## TASK
Reproduce the listing below exactly, minus its pictures.
BEGIN RECORDS TO USE
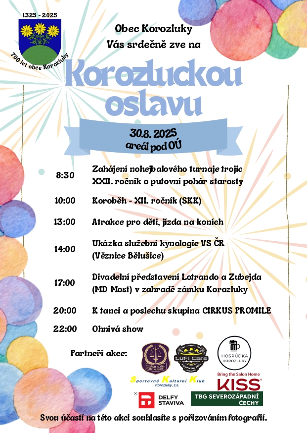 Korozluky – Vesnička jihovýchodně od Mostu má letos skutečný důvod k radosti. Od první písemné zmínky o její existenci uplynulo 700 let a významné jubileum si obec připomíná řadou akcí po celý rok. Ta hlavní obecní oslava se ovšem uskuteční tuto sobotu 30. srpna.
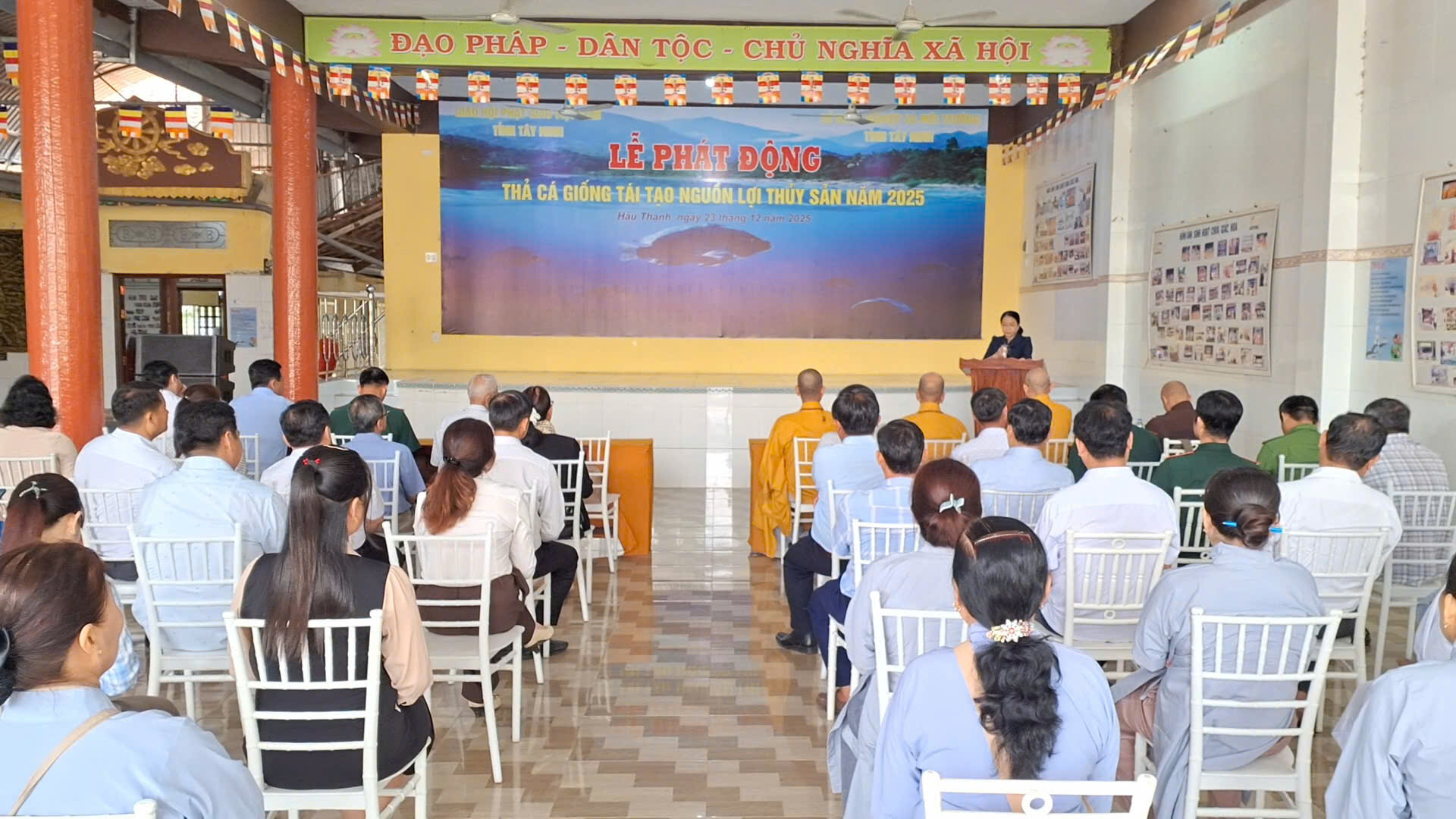 Sáng ngày 23/12/2025 (nhằm ngày 4/11/Ất Tỵ), BTS GHPGVN tỉnh Tây Ninh phối hợp Sở Nông nghiệp và Môi trường tỉnh tổ chức Lễ phát động thả cá tái tạo nguồn lợi thủy sản tại khu vực kênh Dương Văn Dương, đoạn bờ kè thuộc khuôn viên chùa Giác Hoa, xã Hậu Thạnh.
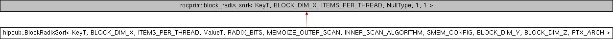 Inheritance diagram for hipcub::BlockRadixSort< KeyT, BLOCK_DIM_X, ITEMS_PER_THREAD, ValueT, RADIX_BITS, MEMOIZE_OUTER_SCAN, INNER_SCAN_ALGORITHM, SMEM_CONFIG, BLOCK_DIM_Y, BLOCK_DIM_Z, PTX_ARCH >:
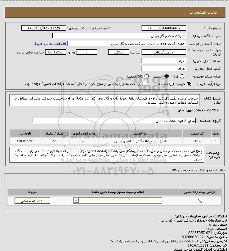شرح کلی نیاز: خدمات تعمیرو نگهداری تعداد 279 کپسول اطفاء حریق(آب و گاز، پودروگاز،Co2،BCF) در 4 ساختمان شرکت درتهران. مطابق با استانداردهای ایمنی و آتش نشانی
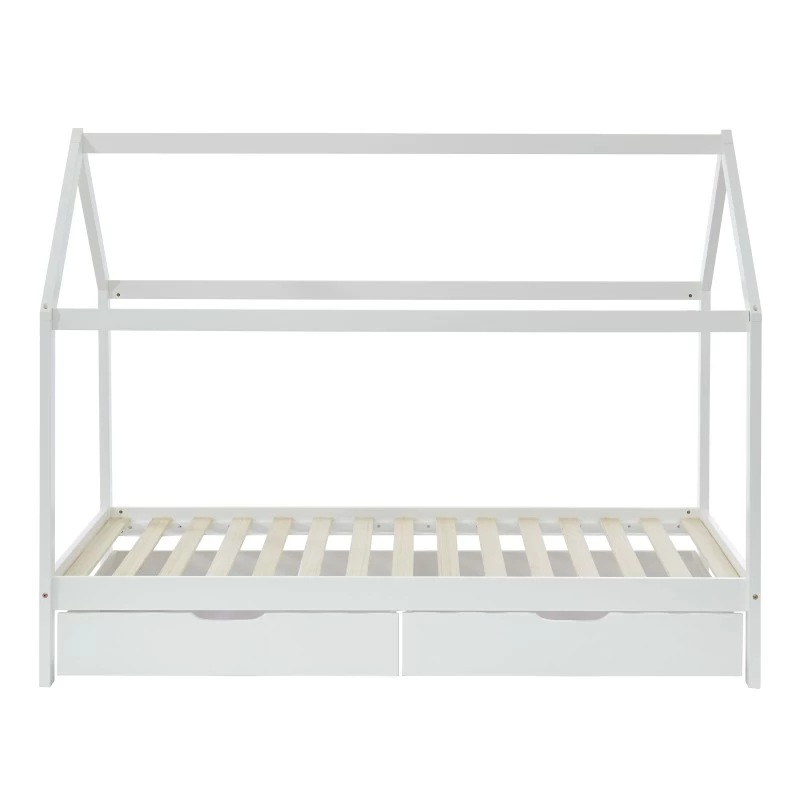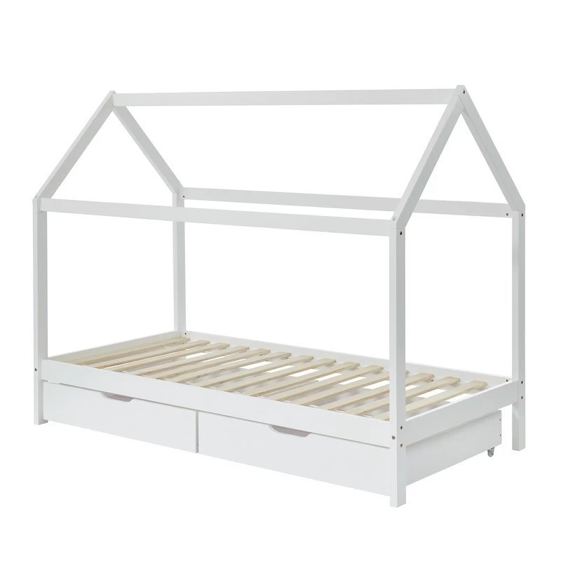 Lit Cabane Avec Tiroirs TINY Pin Blanc 90×190 Sommier Inclus
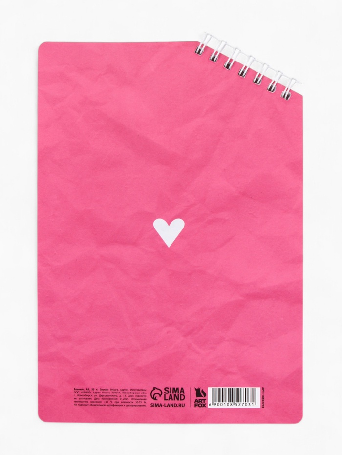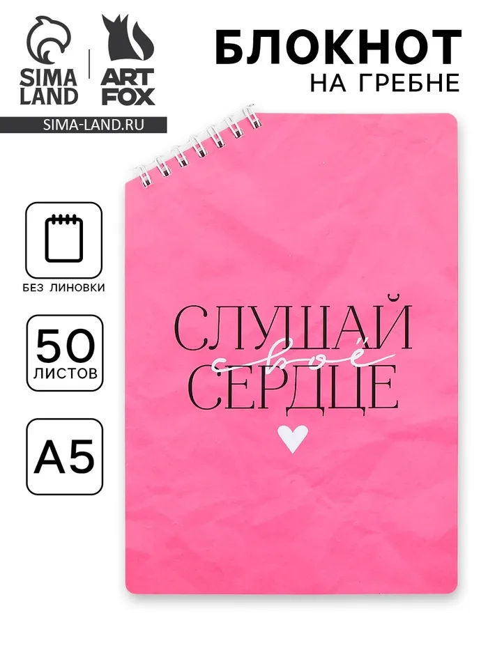 Блокнот А5, 50 л. На скошенном гребне. Белые листы. "Слушай сердце" — Характеристики
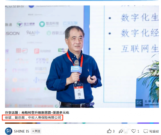 首先,可以肯定的是这位总经理助理,就是此前多次以副总裁身份出现的徐斌。在2021年业内多场有关科技的公开活动中,中宏保险派出的高管为徐斌,职务为副总裁。而本次上任的徐斌正是负责中宏保险科技业务线的高管。
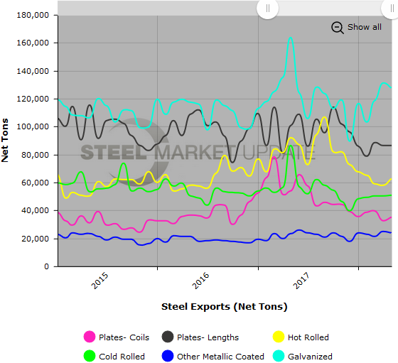 Galvanized exports fell 2.9 percent month over month to 127,571 tons. Compared to one year ago, May levels were down 22.0 percent.
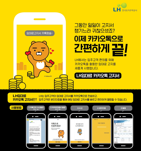 LH렌트 카카오톡 청구서는 무엇인가요? LH 임차인에게 임대료 고지서를 카카오톡으로 전송하고, 임차인이 본인인증을 통해 빠르고 편리하게 임대료 고지서를 조회할 수 있는 서비스입니다.
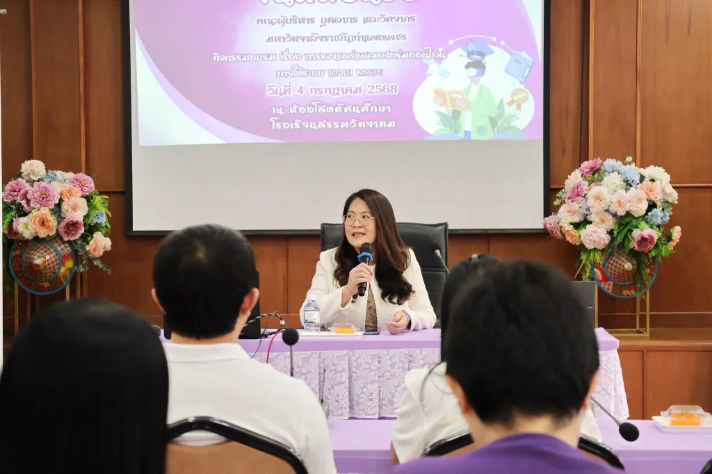 วันที่ 4 กรกฎาคม 2568 ผู้ช่วยศาสตราจารย์ ดร.ปรียานุช พรหมภาสิต อธิการบดี พร้อมด้วยผู้ช่วยศาสตราจารย์ ดร.ชญาดา กลิ่นจันทร์ รองอธิการบดีฯ, ผู้ช่วยศาสตราจารย์ ดร.วนัสนันท์ ศิริรัตนะ ผู้อำนวยการมหาวิทยาลัยราชภัฏกำแพงเพชร แม่สอด, ผู้ช่วยศาสตราจารย์พรหมเมศ วีระพันธ์ ผู้อำนวยการสำนักวิทยบริการฯ, นายวันเฉลิม พูนใจสม, นางสาวอรปรียา คำแพ่ง นักวิชาการคอมพิวเตอร์ชำนาญการ, คณาจารย์ และบุคลากรมหาวิทยาลัยราชภัฏกำแพงเพชร ร่วมให้ข้อมูลในโครงการการพัฒนาแพลตฟอร์มออนไลน์ KPRU MOOC เพื่อเก็บไว้ในระบบคลังสะสมหน่วยกิต Credit Bank ณ ห้องประชุมโสตทัศน์ โรงเรียนสรรพวิทยาคม อำเภอแม่สอด จังหวัดตาก
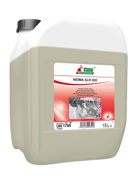 Sredstvo za industrijsko čišćenje NOWA SLR 600 je veoma efikasno sredstvo za čišćenje velikih površina otpornih na kisele rastvore, pre svega u kuhinjama i pogonima za preradu hrane, ali i u toaletima, prostorijama za tuširanje i sl. Ovo hemijsko sredstvo, koje se odlikuje obilnom i postojanom penom, uklanja naslage masnoće, vodenog kamenca, sapuna, tvrdokorne prljavštine, rđu i druge mineralne nečistoće, ne izaziva koroziju i oštećenja na hromiranim slavinama i drugim hromiranim elementima ali se ne sme koristiti na mermernim, bakarnim, aluminijumskim i loše hromiranim površinama.
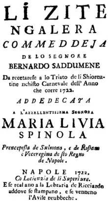 Li zite 'ngalera (The Newlyweds on the Galley)[1] is a commedia per musica in three acts by the Italian composer Leonardo Vinci, first performed at the Teatro dei Fiorentini, Naples, on 3 January 1722. The libretto, by Bernardo Saddumene, is written in the Neapolitan language which characterizes it as commeddeja pe mmuseca.
END RECORDS TO USE
## SOLUTION FOR THIS TASK
 Korozluky – Vesnička jihovýchodně od Mostu má letos skutečný důvod k radosti. Od první písemné zmínky o její existenci uplynulo 700 let a významné jubileum si obec připomíná řadou akcí po celý rok. Ta hlavní obecní oslava se ovšem uskuteční tuto sobotu 30. srpna.
 Sáng ngày 23/12/2025 (nhằm ngày 4/11/Ất Tỵ), BTS GHPGVN tỉnh Tây Ninh phối hợp Sở Nông nghiệp và Môi trường tỉnh tổ chức Lễ phát động thả cá tái tạo nguồn lợi thủy sản tại khu vực kênh Dương Văn Dương, đoạn bờ kè thuộc khuôn viên chùa Giác Hoa, xã Hậu Thạnh.
 Inheritance diagram for hipcub::BlockRadixSort< KeyT, BLOCK_DIM_X, ITEMS_PER_THREAD, ValueT, RADIX_BITS, MEMOIZE_OUTER_SCAN, INNER_SCAN_ALGORITHM, SMEM_CONFIG, BLOCK_DIM_Y, BLOCK_DIM_Z, PTX_ARCH >:
شرح کلی نیاز: خدمات تعمیرو نگهداری تعداد 279 کپسول اطفاء حریق(آب و گاز، پودروگاز،Co2،BCF) در 4 ساختمان شرکت درتهران. مطابق با استانداردهای ایمنی و آتش نشانی
 Lit Cabane Avec Tiroirs TINY Pin Blanc 90×190 Sommier Inclus
 Блокнот А5, 50 л. На скошенном гребне. Белые листы. "Слушай сердце" — Характеристики
 首先,可以肯定的是这位总经理助理,就是此前多次以副总裁身份出现的徐斌。在2021年业内多场有关科技的公开活动中,中宏保险派出的高管为徐斌,职务为副总裁。而本次上任的徐斌正是负责中宏保险科技业务线的高管。
 Galvanized exports fell 2.9 percent month over month to 127,571 tons. Compared to one year ago, May levels were down 22.0 percent.
 LH렌트 카카오톡 청구서는 무엇인가요? LH 임차인에게 임대료 고지서를 카카오톡으로 전송하고, 임차인이 본인인증을 통해 빠르고 편리하게 임대료 고지서를 조회할 수 있는 서비스입니다.
 วันที่ 4 กรกฎาคม 2568 ผู้ช่วยศาสตราจารย์ ดร.ปรียานุช พรหมภาสิต อธิการบดี พร้อมด้วยผู้ช่วยศาสตราจารย์ ดร.ชญาดา กลิ่นจันทร์ รองอธิการบดีฯ, ผู้ช่วยศาสตราจารย์ ดร.วนัสนันท์ ศิริรัตนะ ผู้อำนวยการมหาวิทยาลัยราชภัฏกำแพงเพชร แม่สอด, ผู้ช่วยศาสตราจารย์พรหมเมศ วีระพันธ์ ผู้อำนวยการสำนักวิทยบริการฯ, นายวันเฉลิม พูนใจสม, นางสาวอรปรียา คำแพ่ง นักวิชาการคอมพิวเตอร์ชำนาญการ, คณาจารย์ และบุคลากรมหาวิทยาลัยราชภัฏกำแพงเพชร ร่วมให้ข้อมูลในโครงการการพัฒนาแพลตฟอร์มออนไลน์ KPRU MOOC เพื่อเก็บไว้ในระบบคลังสะสมหน่วยกิต Credit Bank ณ ห้องประชุมโสตทัศน์ โรงเรียนสรรพวิทยาคม อำเภอแม่สอด จังหวัดตาก
 Sredstvo za industrijsko čišćenje NOWA SLR 600 je veoma efikasno sredstvo za čišćenje velikih površina otpornih na kisele rastvore, pre svega u kuhinjama i pogonima za preradu hrane, ali i u toaletima, prostorijama za tuširanje i sl. Ovo hemijsko sredstvo, koje se odlikuje obilnom i postojanom penom, uklanja naslage masnoće, vodenog kamenca, sapuna, tvrdokorne prljavštine, rđu i druge mineralne nečistoće, ne izaziva koroziju i oštećenja na hromiranim slavinama i drugim hromiranim elementima ali se ne sme koristiti na mermernim, bakarnim, aluminijumskim i loše hromiranim površinama.
 Li zite 'ngalera (The Newlyweds on the Galley)[1] is a commedia per musica in three acts by the Italian composer Leonardo Vinci, first performed at the Teatro dei Fiorentini, Naples, on 3 January 1722. The libretto, by Bernardo Saddumene, is written in the Neapolitan language which characterizes it as commeddeja pe mmuseca.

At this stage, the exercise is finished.